Для последней строки, эх, не вырвать у птицы пера.

Неповинной главе всех и дел-то, что ждать топора

да зеленого лавра.

(II; 162)

«Зеленый лавр» напоминает о совете музе в пушкинском «Я памятник себе воздвиг нерукотворный…»:

Веленью божию, о муза, будь послушна,

Обиды не страшась, не требуя венца…

(III; 340)

При сходстве на уровне означающих, создающем иллюзию синонимии (зеленый лавр как синоним венца), означаемые у этих слов и выражений различны. Пушкин обозначает словом «венец» лавровый венок — знак славы поэта, который в русской поэзии 1810–1830-х гг. чаще всего именовался именно «венком»[353]. Выбор автором стихотворения «Я памятник себе воздвиг нерукотворный…» означающего «венец» не случаен: в пушкинском тексте поэту приписывается атрибут «царственности» (его мысленный памятник «вознесся выше <…> главою непокорной / Александрийского столпа» [III; 340] — колонны — памятника императору Александру I[354]). Таким образом, «венец», означая «лавровый венок»[355], наделен коннотациями «царский венец».

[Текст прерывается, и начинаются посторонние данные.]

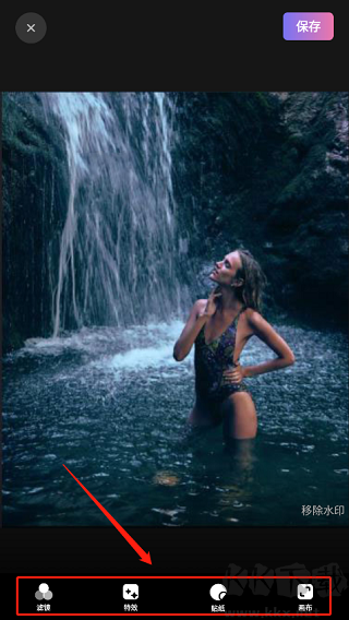 5、图片修改完毕后,轻触右上方保存按钮即可,你可将图片快速传送至常用社交平台。

Отказ от венка/венца у Пушкина — это отвержение жажды к славе, жест, демонстрирующий независимость: пушкинский поэт представлен, в отличие от горациевского, хранителем и ценителем личной свободы — высшей ценности бытия. В отличие от пушкинской музы, поэту Бродского лавровый венок обеспечен — вместе с плахой. Но «зеленый лавр» — выражение многозначное, обозначающее не только «венок», но и «венец». «Зеленый лавр» — награда поэту Бродского за стихи, оплаченные ценою смерти; но, поставленное в один семантический ряд с «топором», это выражение указывает также и на венец как знак мученичества (венец мученический) и на его первообраз — терновый венец Христа[356]. Выражение «зеленый лавр» восходит не только к Горацию и Пушкину, но и к лермонтовскому стихотворению «Смерть Поэта», в котором венец совмещает признаки венка (в обманчивом внешнем виде) и венца (по своей сути):

И прежний сняв венок — они венец терновый,

          Увитый лаврами, надели на него:

                    Но иглы тайные сурово

                    Язвили славное чело…[357]

(I, 257)

Под пером Бродского пушкинские строки о долгой славе поэта в поколениях превращаются в стихи о неизбежной гибели[358].

«Топор» палача из стихотворения «Конец прекрасной эпохи» — такое же орудие казни, как «секира палача», пасть от удара которой суждено поэту, герою другого пушкинского стихотворения — «Андрей Шенье»:

Подъялась вновь усталая секира

И жертву новую зовет.

Певец готов: задумчивая лира

В последний раз ему поет.

(II; 231)

Образ лаврового венца, вызывающий ассоциации с югом, с солнечным миром античности, у Бродского соединен с зимой и снегом: венец поэта — «лавровый заснеженный венец»:

Хвала развязке. Занавес. Конец.

Конец. Разъезд. Галантность провожатых

у светлых лестниц, к зеркалам прижатых,

и лавровый заснеженный венец.

(«Приходит март. Я сызнова служу», 1961 [I; 55])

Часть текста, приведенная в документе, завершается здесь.